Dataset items
Segment Open
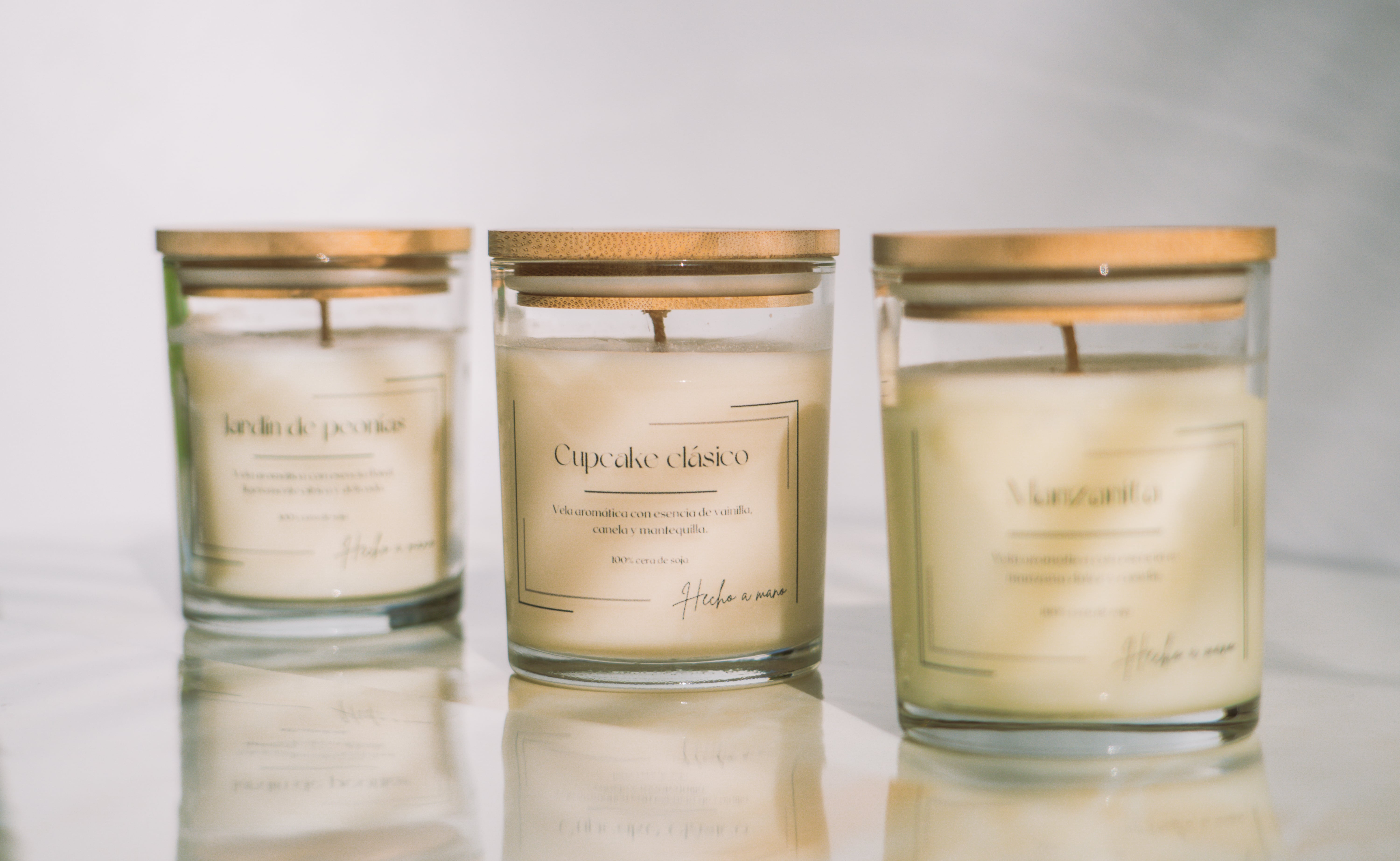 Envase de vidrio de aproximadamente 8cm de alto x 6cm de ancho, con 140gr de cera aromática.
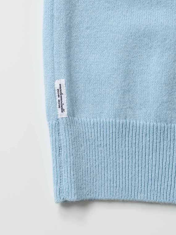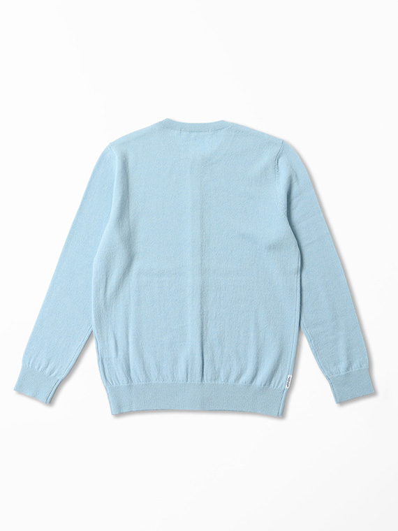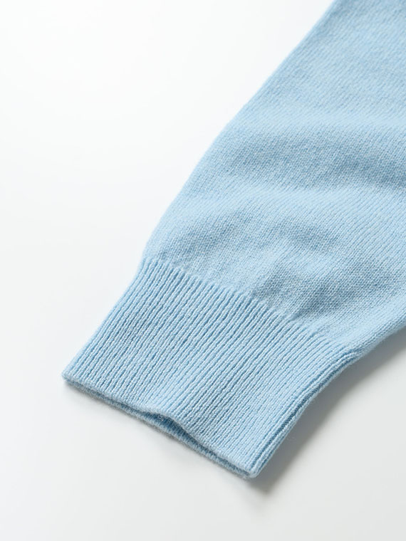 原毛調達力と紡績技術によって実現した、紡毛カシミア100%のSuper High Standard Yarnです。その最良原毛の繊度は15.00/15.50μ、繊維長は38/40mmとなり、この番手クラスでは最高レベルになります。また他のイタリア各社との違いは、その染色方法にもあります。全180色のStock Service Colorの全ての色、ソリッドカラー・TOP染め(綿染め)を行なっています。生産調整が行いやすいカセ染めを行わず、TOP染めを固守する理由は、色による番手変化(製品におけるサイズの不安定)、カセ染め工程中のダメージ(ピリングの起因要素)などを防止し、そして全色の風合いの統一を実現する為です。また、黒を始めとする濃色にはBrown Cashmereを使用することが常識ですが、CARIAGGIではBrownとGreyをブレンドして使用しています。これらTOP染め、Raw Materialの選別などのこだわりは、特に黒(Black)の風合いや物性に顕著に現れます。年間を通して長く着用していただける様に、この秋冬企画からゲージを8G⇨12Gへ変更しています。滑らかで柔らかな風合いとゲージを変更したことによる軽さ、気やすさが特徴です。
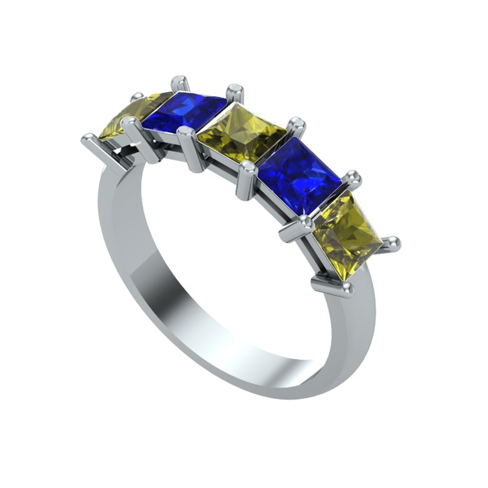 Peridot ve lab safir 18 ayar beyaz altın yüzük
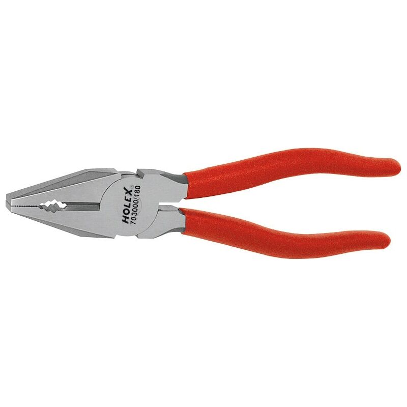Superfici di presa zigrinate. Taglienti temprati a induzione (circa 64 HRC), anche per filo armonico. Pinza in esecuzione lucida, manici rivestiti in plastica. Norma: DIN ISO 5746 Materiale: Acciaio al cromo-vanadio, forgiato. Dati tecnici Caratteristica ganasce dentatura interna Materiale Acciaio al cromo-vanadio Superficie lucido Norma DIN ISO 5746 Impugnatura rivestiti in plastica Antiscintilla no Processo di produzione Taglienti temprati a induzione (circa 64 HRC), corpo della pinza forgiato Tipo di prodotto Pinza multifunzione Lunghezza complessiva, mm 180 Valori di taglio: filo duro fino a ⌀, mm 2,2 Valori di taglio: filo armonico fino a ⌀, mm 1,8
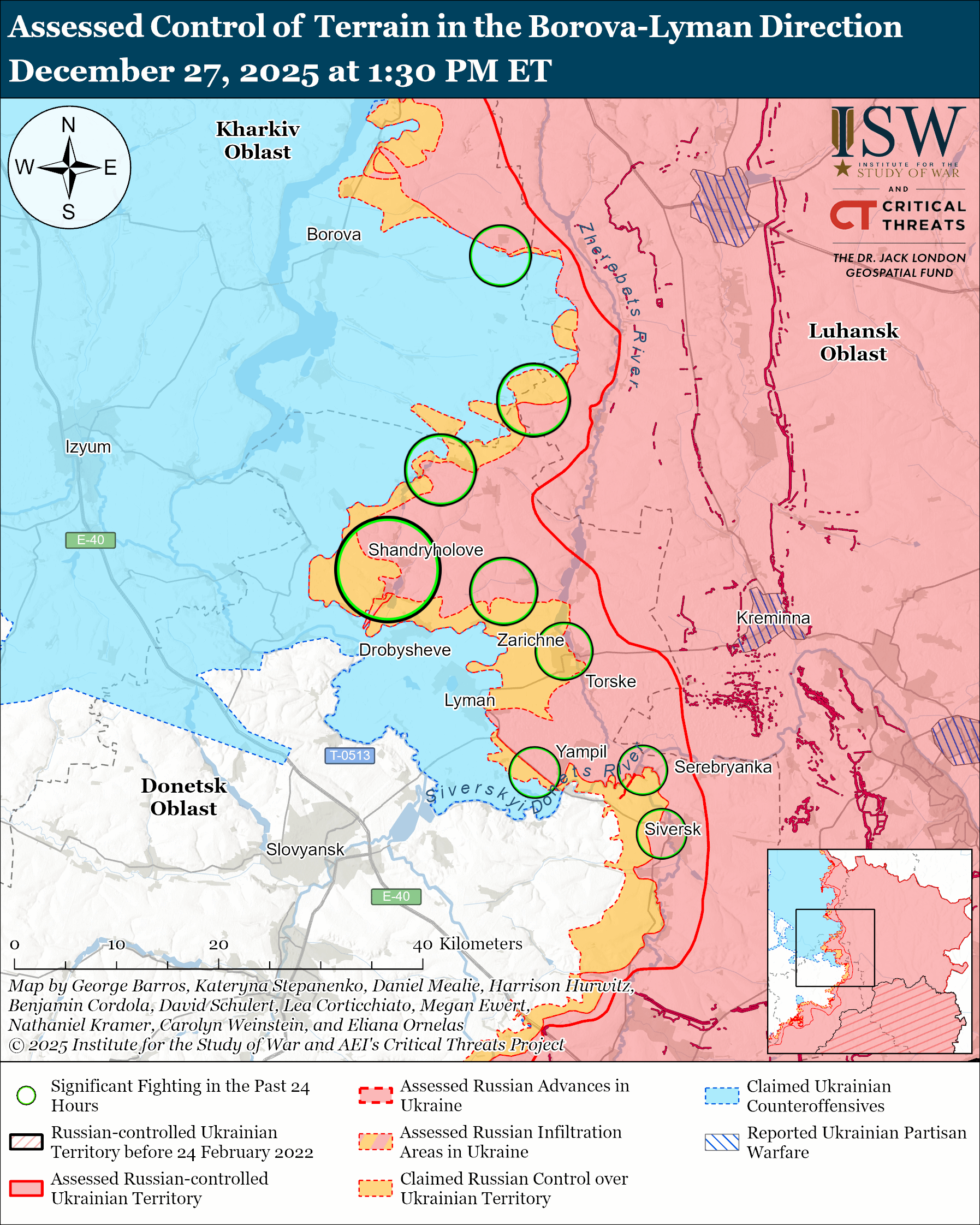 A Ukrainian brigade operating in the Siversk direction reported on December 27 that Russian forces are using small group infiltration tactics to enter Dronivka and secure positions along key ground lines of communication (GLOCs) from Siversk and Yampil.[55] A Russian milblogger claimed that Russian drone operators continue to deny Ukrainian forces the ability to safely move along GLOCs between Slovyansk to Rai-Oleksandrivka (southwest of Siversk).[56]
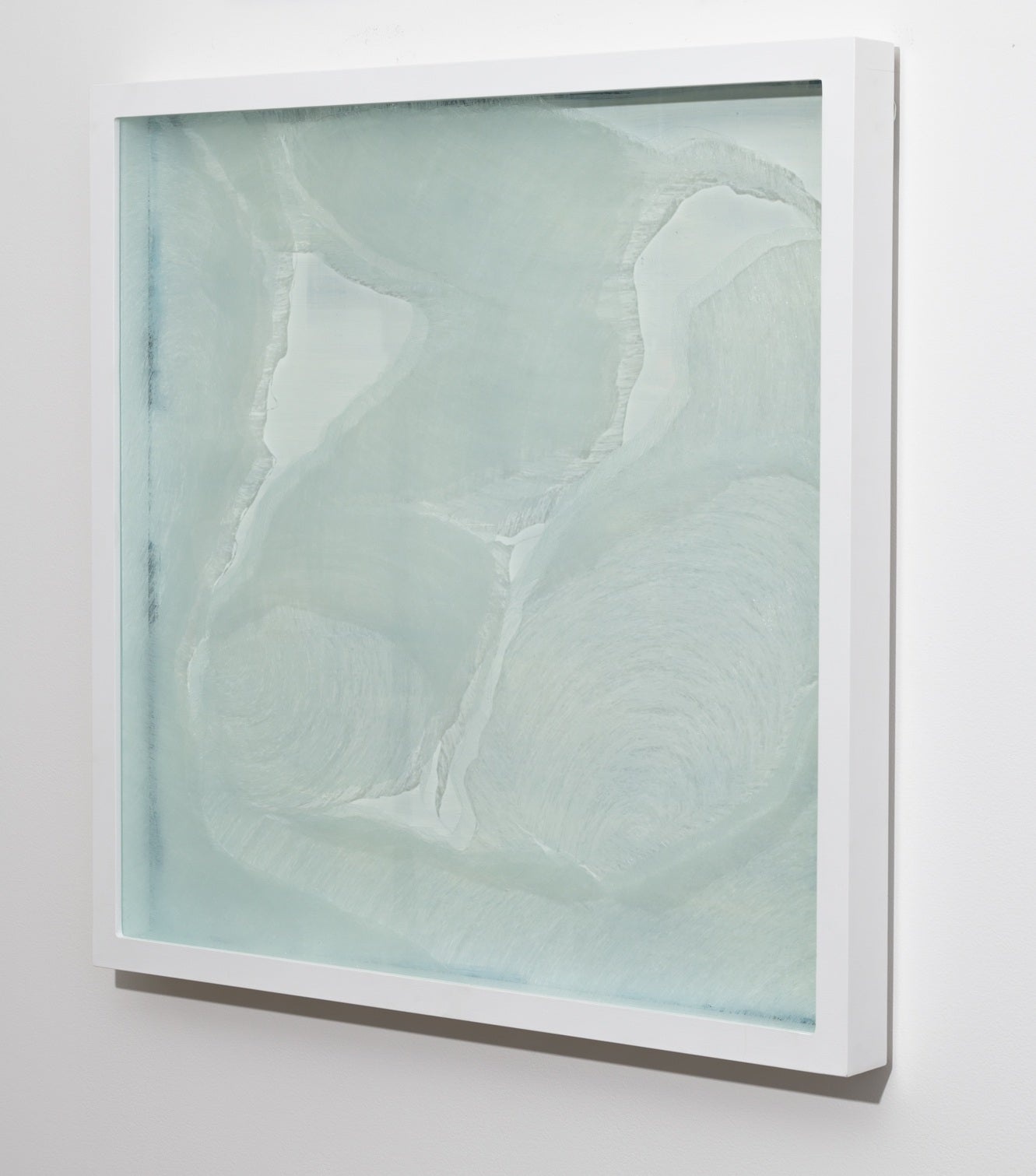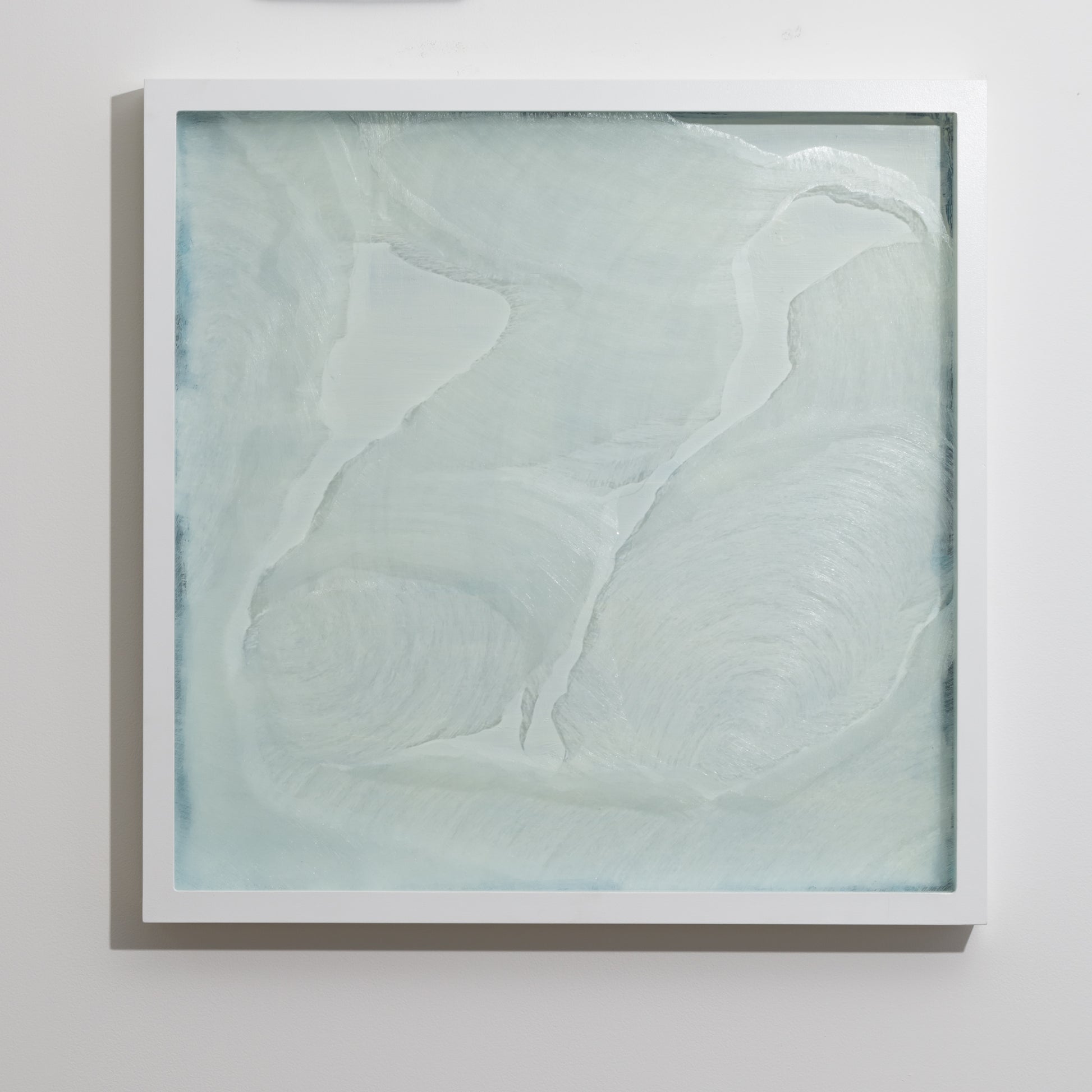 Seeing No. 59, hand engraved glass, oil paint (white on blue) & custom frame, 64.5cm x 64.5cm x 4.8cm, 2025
Segment Closed
The whole of the data needs to be copied word for word, though not its pictures.

* _Reply to the task_
 Envase de vidrio de aproximadamente 8cm de alto x 6cm de ancho, con 140gr de cera aromática.
 原毛調達力と紡績技術によって実現した、紡毛カシミア100%のSuper High Standard Yarnです。その最良原毛の繊度は15.00/15.50μ、繊維長は38/40mmとなり、この番手クラスでは最高レベルになります。また他のイタリア各社との違いは、その染色方法にもあります。全180色のStock Service Colorの全ての色、ソリッドカラー・TOP染め(綿染め)を行なっています。生産調整が行いやすいカセ染めを行わず、TOP染めを固守する理由は、色による番手変化(製品におけるサイズの不安定)、カセ染め工程中のダメージ(ピリングの起因要素)などを防止し、そして全色の風合いの統一を実現する為です。また、黒を始めとする濃色にはBrown Cashmereを使用することが常識ですが、CARIAGGIではBrownとGreyをブレンドして使用しています。これらTOP染め、Raw Materialの選別などのこだわりは、特に黒(Black)の風合いや物性に顕著に現れます。年間を通して長く着用していただける様に、この秋冬企画からゲージを8G⇨12Gへ変更しています。滑らかで柔らかな風合いとゲージを変更したことによる軽さ、気やすさが特徴です。
 Peridot ve lab safir 18 ayar beyaz altın yüzük
Superfici di presa zigrinate. Taglienti temprati a induzione (circa 64 HRC), anche per filo armonico. Pinza in esecuzione lucida, manici rivestiti in plastica. Norma: DIN ISO 5746 Materiale: Acciaio al cromo-vanadio, forgiato. Dati tecnici Caratteristica ganasce dentatura interna Materiale Acciaio al cromo-vanadio Superficie lucido Norma DIN ISO 5746 Impugnatura rivestiti in plastica Antiscintilla no Processo di produzione Taglienti temprati a induzione (circa 64 HRC), corpo della pinza forgiato Tipo di prodotto Pinza multifunzione Lunghezza complessiva, mm 180 Valori di taglio: filo duro fino a ⌀, mm 2,2 Valori di taglio: filo armonico fino a ⌀, mm 1,8
 A Ukrainian brigade operating in the Siversk direction reported on December 27 that Russian forces are using small group infiltration tactics to enter Dronivka and secure positions along key ground lines of communication (GLOCs) from Siversk and Yampil.[55] A Russian milblogger claimed that Russian drone operators continue to deny Ukrainian forces the ability to safely move along GLOCs between Slovyansk to Rai-Oleksandrivka (southwest of Siversk).[56]
 Seeing No. 59, hand engraved glass, oil paint (white on blue) & custom frame, 64.5cm x 64.5cm x 4.8cm, 2025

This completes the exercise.